Get the state of a Switch in onCreate()

Question

So my question is how I can get the state of a Switch.

I have this Code:

   notificationSwitch.setOnClickListener(new View.OnClickListener() {
        @Override
        public void onClick(View v) {
            if(notificationSwitch.isChecked()){
                System.out.println("Checked");
                SharedPreferences.Editor editor = getSharedPreferences("save", MODE_PRIVATE).edit();
                editor.putBoolean("value", true);
                editor.apply();
                notificationSwitch.setChecked(true);
            }else{
                System.out.println("not checked");
                SharedPreferences.Editor editor = getSharedPreferences("save", MODE_PRIVATE).edit();
                editor.putBoolean("value", false);
                editor.apply();
                notificationSwitch.setChecked(false);
            }
        }
    });

The state of the switch is saved in the Shared Preferences and if I start the app the Switch is on the same state as when I left the app.
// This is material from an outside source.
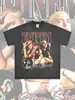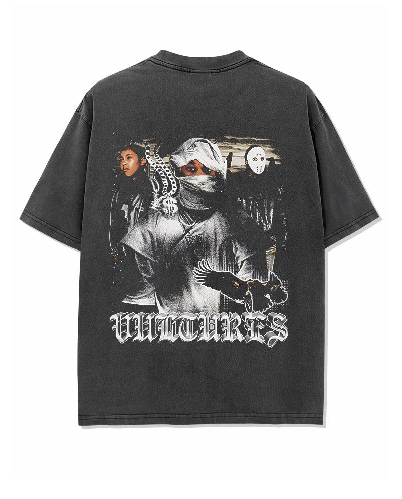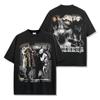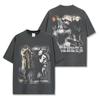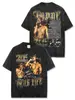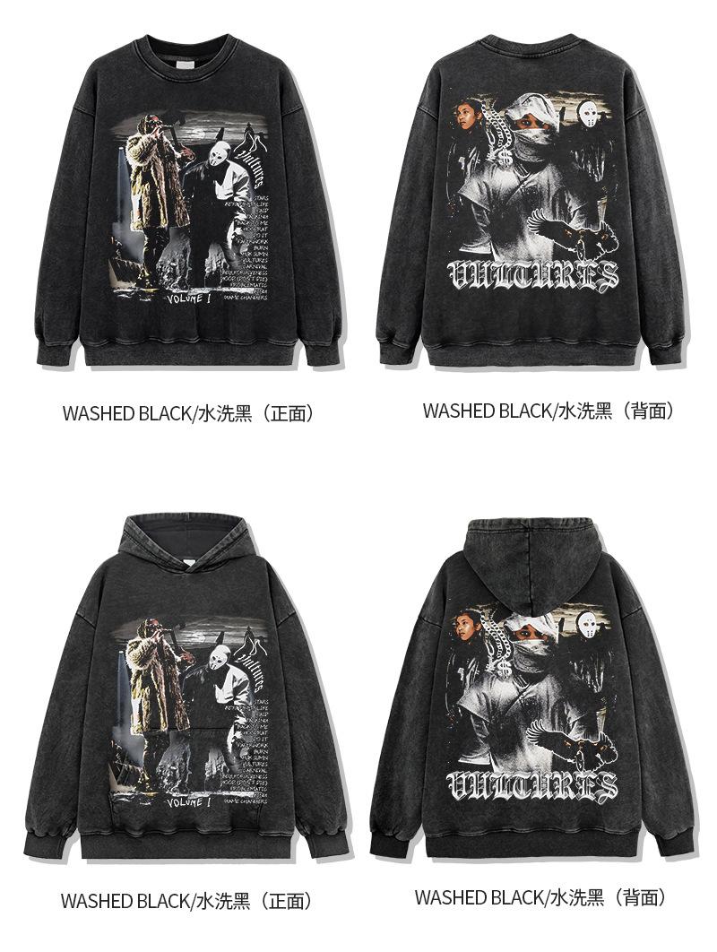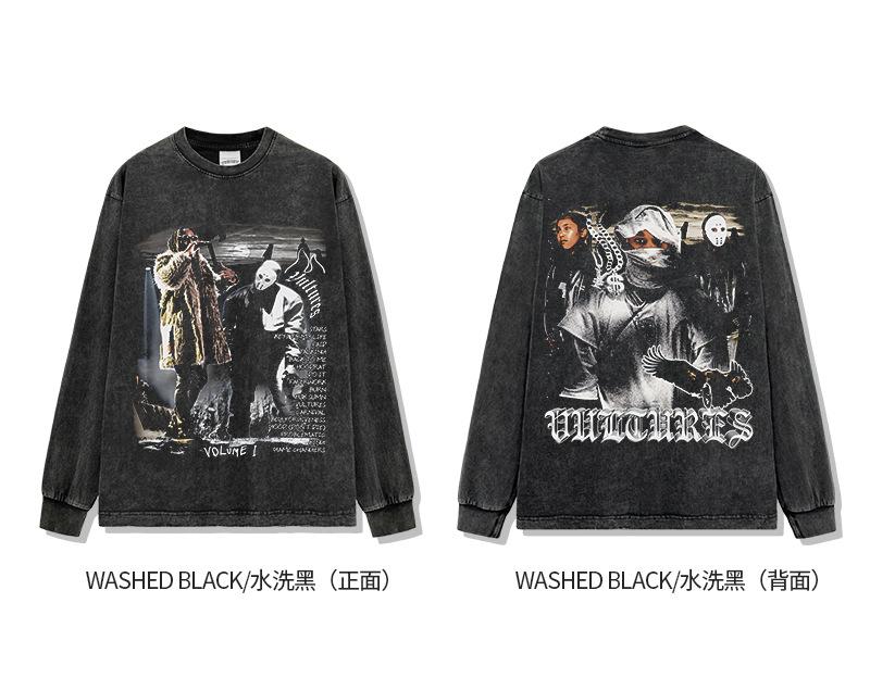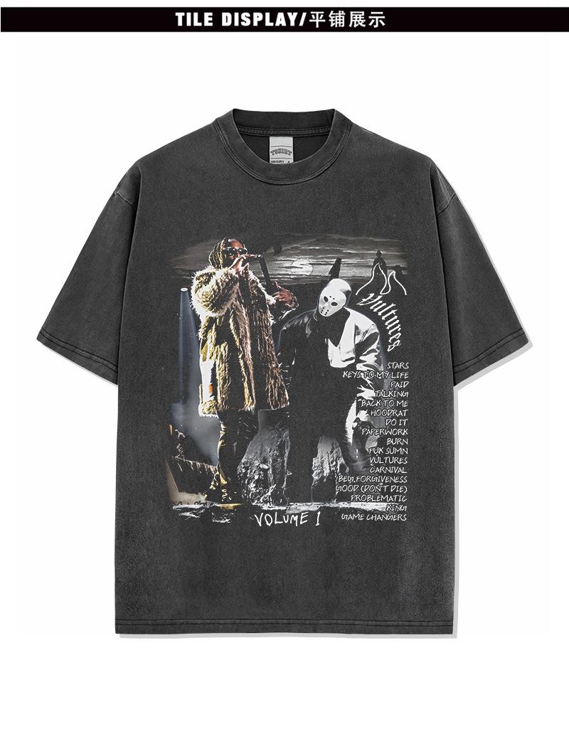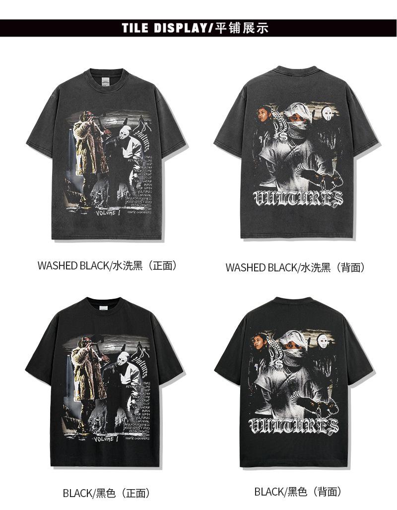 Camiseta de manga corta lavada con estampado de Kanye West, estilo hip-hop transfronterizo estadounidense, sudadera informal con cuello redondo y capucha para hombre

But when I start the app is should print checked or not checked but it doesn't print out anything

Answer 1

I will answer based on the title:

To get the state of the switch in onCreate():

//in onCreate:

SharedPreferences prefrences = getSharedPreferences("save", MODE_PRIVATE);
//false mean if not found set to false as default
boolean stateSwitch = prefrences.getBoolean("value",false);



//set state for switch
notificationSwitch.setChecked(stateSwitch);

//log the state
if(stateSwitch == true){
    Log.d("TAG","checked");
}else{
    Log.d("TAG","not checked");
}

UPDATE

• keep your onclicklistener the same, and add the code I provided before your onclicklistener in onCreate:

1) when you turn switch on and leave activity and come back it must stay on.

2) when you turn switch off and leave activity and come back it must stay off.

3) if you do nothing leave activity and come back it must stay off.